New high-quality footage of the Titanic’s wreckage released this week has provided “amazing” new images from the site which experts hope will enable scientists to figure out the speed at which the sunken ship is rotting.
The 8K video by underwater exploration firm OceanGate Expeditions is the highest quality clip ever taken of the wreck, showcasing the Titanic’s bow, portside anchor, hull, anchor chain and the crane used to deploy the anchor.
“I’ve been studying the wreck for decades, and have completed multiple dives, and I can’t recall seeing any other image showing this level of detail,” said Rory Golden, a veteran Titanic diver.
Golden said that among the features that can be seen for the first time in the clip is the single-ended boiler, a part of the Titanic’s engine room that sunk to the ocean floor when the ship sunk.

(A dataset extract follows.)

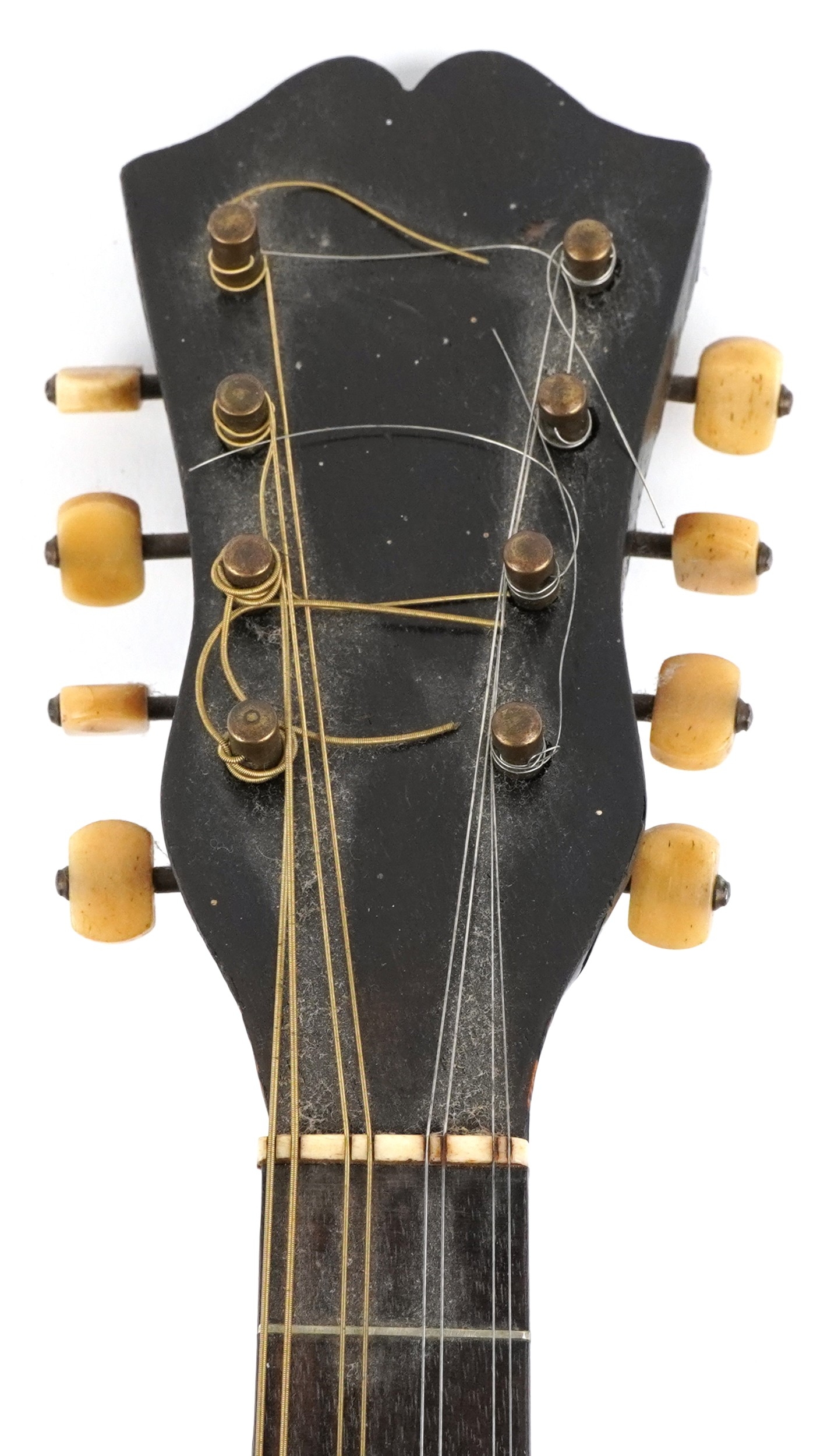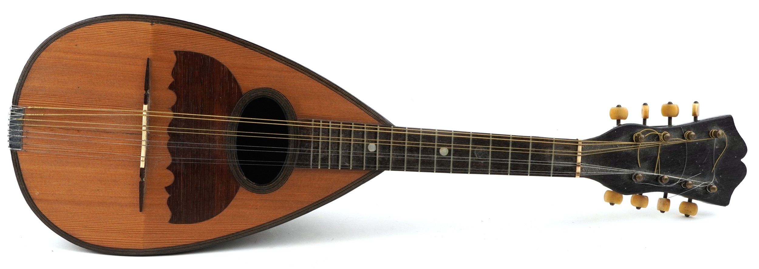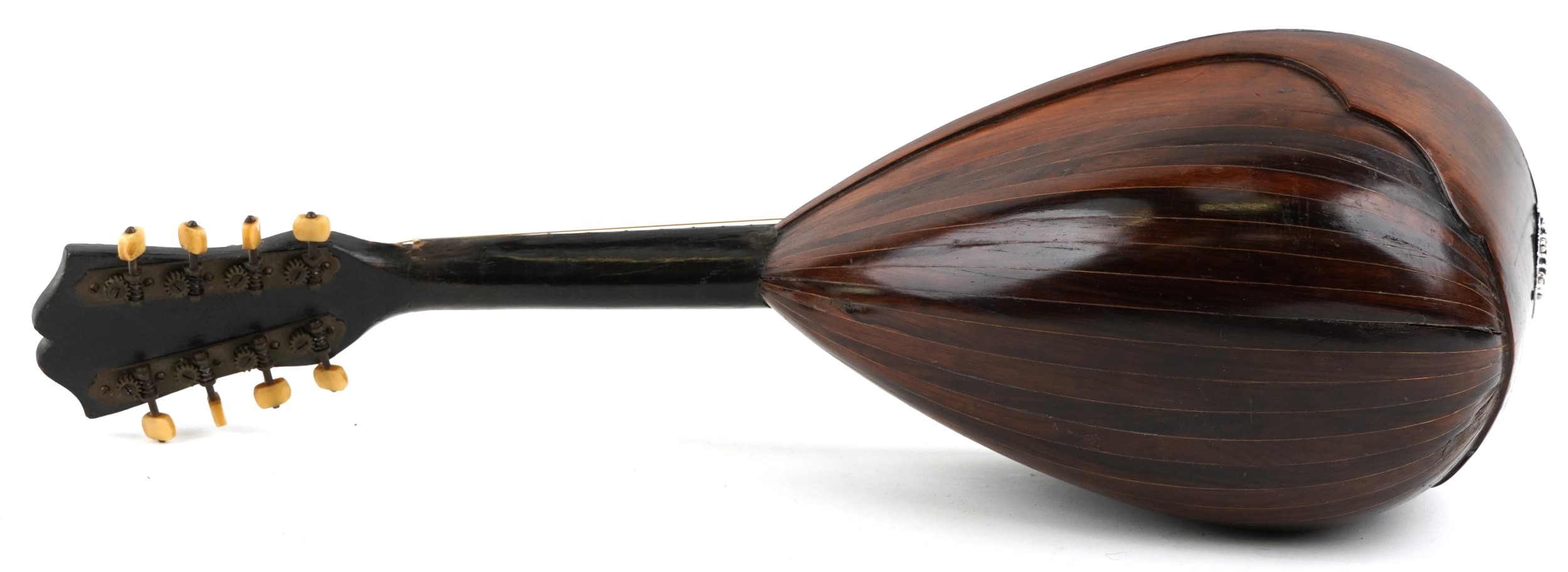 An early 20th century rosewood mandolin with bone tuning handles and mother of pearl fret markers, 61cm in length.

“One of the most amazing clips shows one of the single-ended boilers that fell to the ocean’s floor when the Titanic broke into two,” Golden told Sky News.
“I had never seen the name of the anchor maker, ‘Noah Hingley & Sons Ltd.,’ on the portside anchor,” he said.
“It is exciting that, after so many years, we may have discovered a new detail that wasn’t as obvious with previous generations of camera technologies,” he said.
Academics have noticed slight changes to the sunken vessel since the 2022 expedition, which will aid in their studies of the Titanic’s decay.
Out of 2,240 passengers, more than 1,500 people died when the Titanic sunk on April 15, 1912, after the luxury ship — then the largest passenger liner ever built — struck an iceberg in the North Atlantic Ocean on its maiden voyage from Southampton, England to New York City.
The shipwreck was found in September 1985 by American explorer Robert Ballard and French scientist Jean-Louis Michel, around 370 nautical miles from Newfoundland in Canada.